[[ Data provided, beginning ]]

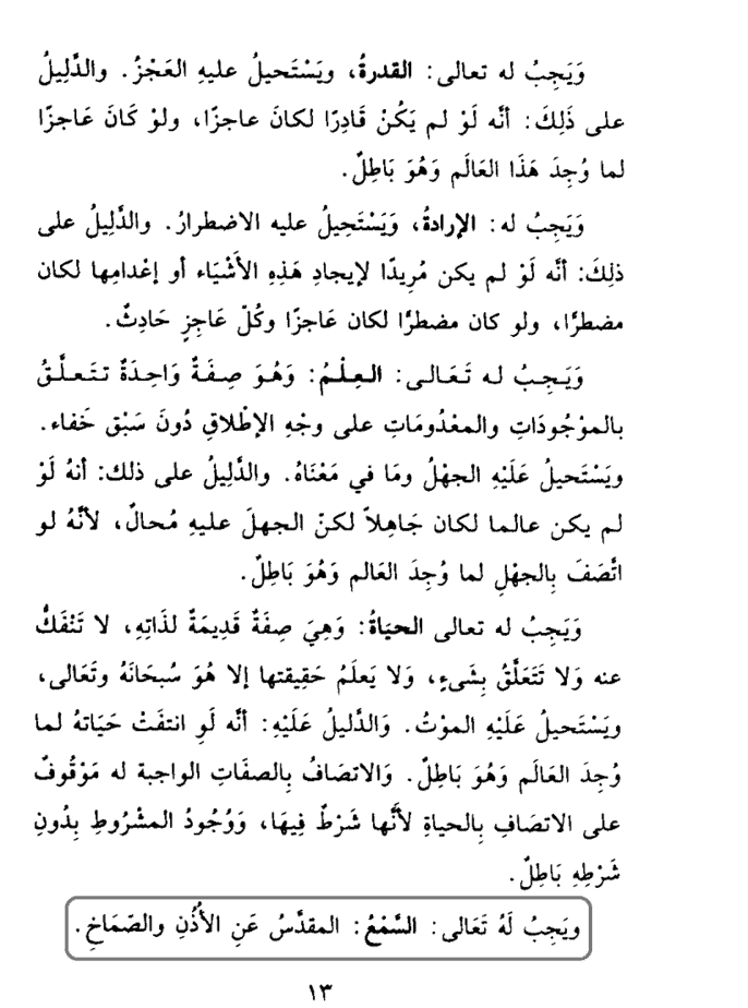 « ويجبُ له تعالى: السمعُ: المقدَّسُ عن الأُذُنِ والصِماخ.»
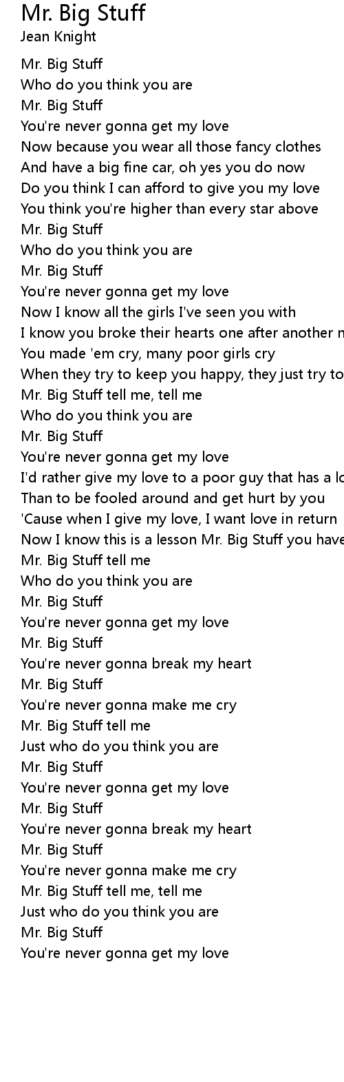 Now I know this is a lesson Mr. Big Stuff you haven't learned |
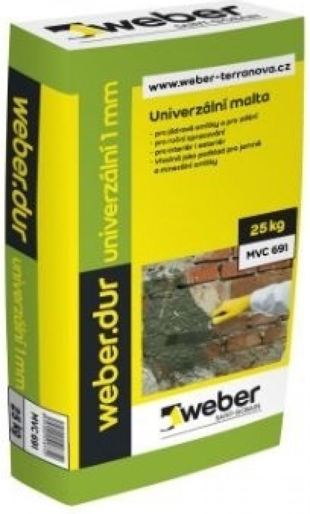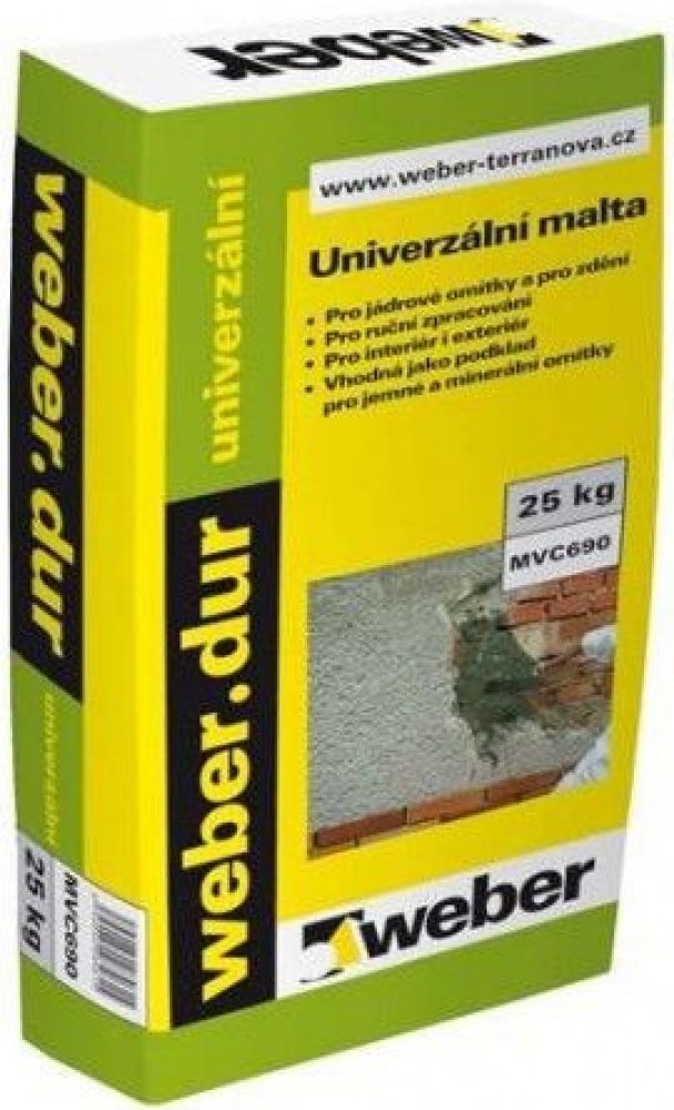 Weber dur univerzální je hmota na bázi anorganického plniva, pojiva a modifikujících přísad. Použití Jde o maltu na zdění a pro jádrové omítky. Tento produkt je určen k ručnímu zpracování a je použitelný jak v interiéru, tak i exteriéru. Hodí se jako podklad pro jemné a minerální omítky. Povrch lze zpracovat tak, že není nutné provádět následné štukování (garáže, dílny, podřadné prostory).Technick...

[[ Data provided, end ]]

Work task:
Copy out the lines above in full and unaltered, apart from the pictures.

Response for this exercise:
 « ويجبُ له تعالى: السمعُ: المقدَّسُ عن الأُذُنِ والصِماخ.»
 Now I know this is a lesson Mr. Big Stuff you haven't learned |
 Weber dur univerzální je hmota na bázi anorganického plniva, pojiva a modifikujících přísad. Použití Jde o maltu na zdění a pro jádrové omítky. Tento produkt je určen k ručnímu zpracování a je použitelný jak v interiéru, tak i exteriéru. Hodí se jako podklad pro jemné a minerální omítky. Povrch lze zpracovat tak, že není nutné provádět následné štukování (garáže, dílny, podřadné prostory).Technick...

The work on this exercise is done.